▶ **WHAT TO WORK ON**
Transcribe, word for word, the line containing "[آيَة 121 - 125]" and each line following it through the end of the listing below. Omit all other lines.

☆ ☆ ☆ ☆ ☆

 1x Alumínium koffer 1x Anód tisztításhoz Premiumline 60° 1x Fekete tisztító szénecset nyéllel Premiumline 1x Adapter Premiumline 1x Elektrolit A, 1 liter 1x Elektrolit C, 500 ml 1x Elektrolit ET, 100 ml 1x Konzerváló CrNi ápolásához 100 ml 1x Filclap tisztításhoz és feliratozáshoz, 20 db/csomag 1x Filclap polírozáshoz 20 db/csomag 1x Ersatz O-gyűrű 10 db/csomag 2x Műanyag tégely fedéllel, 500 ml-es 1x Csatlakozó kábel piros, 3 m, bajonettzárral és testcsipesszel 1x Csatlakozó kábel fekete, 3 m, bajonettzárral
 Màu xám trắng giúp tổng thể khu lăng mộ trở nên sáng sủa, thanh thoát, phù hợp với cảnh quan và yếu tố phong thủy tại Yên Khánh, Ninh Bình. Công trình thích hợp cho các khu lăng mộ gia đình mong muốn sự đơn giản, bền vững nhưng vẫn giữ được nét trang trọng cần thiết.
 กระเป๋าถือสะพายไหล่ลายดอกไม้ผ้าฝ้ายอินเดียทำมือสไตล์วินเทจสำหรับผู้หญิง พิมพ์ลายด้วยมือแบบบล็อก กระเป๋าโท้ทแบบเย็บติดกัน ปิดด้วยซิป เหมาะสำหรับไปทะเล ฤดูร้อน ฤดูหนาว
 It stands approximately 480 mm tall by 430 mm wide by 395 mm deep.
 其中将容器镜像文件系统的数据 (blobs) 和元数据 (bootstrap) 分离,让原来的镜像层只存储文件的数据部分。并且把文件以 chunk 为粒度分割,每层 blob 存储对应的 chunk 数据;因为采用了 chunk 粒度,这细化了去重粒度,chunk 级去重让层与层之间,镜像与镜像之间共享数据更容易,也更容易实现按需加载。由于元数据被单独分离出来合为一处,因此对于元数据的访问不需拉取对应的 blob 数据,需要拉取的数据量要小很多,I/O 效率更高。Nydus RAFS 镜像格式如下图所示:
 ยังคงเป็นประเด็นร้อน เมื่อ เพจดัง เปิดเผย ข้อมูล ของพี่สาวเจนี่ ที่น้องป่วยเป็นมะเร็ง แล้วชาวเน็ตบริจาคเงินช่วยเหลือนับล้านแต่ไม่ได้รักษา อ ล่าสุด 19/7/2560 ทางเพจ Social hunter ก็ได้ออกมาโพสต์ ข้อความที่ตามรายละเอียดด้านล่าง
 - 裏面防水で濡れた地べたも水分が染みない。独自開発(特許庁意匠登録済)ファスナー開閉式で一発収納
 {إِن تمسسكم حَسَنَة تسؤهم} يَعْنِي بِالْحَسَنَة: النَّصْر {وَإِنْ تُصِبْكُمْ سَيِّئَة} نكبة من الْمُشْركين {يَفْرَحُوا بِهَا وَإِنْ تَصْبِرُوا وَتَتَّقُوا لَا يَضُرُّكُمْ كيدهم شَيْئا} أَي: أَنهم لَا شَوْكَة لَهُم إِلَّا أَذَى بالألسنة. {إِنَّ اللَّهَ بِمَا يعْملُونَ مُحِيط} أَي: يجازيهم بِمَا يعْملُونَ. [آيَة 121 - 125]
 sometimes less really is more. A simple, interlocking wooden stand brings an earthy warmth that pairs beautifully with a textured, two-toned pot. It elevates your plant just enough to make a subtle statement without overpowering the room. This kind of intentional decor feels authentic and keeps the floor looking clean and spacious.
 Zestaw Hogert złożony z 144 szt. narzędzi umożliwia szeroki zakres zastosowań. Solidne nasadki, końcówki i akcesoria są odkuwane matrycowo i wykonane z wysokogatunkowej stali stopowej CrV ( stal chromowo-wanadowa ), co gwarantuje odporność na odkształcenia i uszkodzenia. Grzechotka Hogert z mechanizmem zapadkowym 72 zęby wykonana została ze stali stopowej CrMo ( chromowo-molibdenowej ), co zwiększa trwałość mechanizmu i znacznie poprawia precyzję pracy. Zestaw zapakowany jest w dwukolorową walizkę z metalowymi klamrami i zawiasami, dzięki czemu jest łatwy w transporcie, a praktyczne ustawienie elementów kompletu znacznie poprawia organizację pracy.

☆ ☆ ☆ ☆ ☆

▶ **ANSWER SECTION**
 {إِن تمسسكم حَسَنَة تسؤهم} يَعْنِي بِالْحَسَنَة: النَّصْر {وَإِنْ تُصِبْكُمْ سَيِّئَة} نكبة من الْمُشْركين {يَفْرَحُوا بِهَا وَإِنْ تَصْبِرُوا وَتَتَّقُوا لَا يَضُرُّكُمْ كيدهم شَيْئا} أَي: أَنهم لَا شَوْكَة لَهُم إِلَّا أَذَى بالألسنة. {إِنَّ اللَّهَ بِمَا يعْملُونَ مُحِيط} أَي: يجازيهم بِمَا يعْملُونَ. [آيَة 121 - 125]
 sometimes less really is more. A simple, interlocking wooden stand brings an earthy warmth that pairs beautifully with a textured, two-toned pot. It elevates your plant just enough to make a subtle statement without overpowering the room. This kind of intentional decor feels authentic and keeps the floor looking clean and spacious.
 Zestaw Hogert złożony z 144 szt. narzędzi umożliwia szeroki zakres zastosowań. Solidne nasadki, końcówki i akcesoria są odkuwane matrycowo i wykonane z wysokogatunkowej stali stopowej CrV ( stal chromowo-wanadowa ), co gwarantuje odporność na odkształcenia i uszkodzenia. Grzechotka Hogert z mechanizmem zapadkowym 72 zęby wykonana została ze stali stopowej CrMo ( chromowo-molibdenowej ), co zwiększa trwałość mechanizmu i znacznie poprawia precyzję pracy. Zestaw zapakowany jest w dwukolorową walizkę z metalowymi klamrami i zawiasami, dzięki czemu jest łatwy w transporcie, a praktyczne ustawienie elementów kompletu znacznie poprawia organizację pracy.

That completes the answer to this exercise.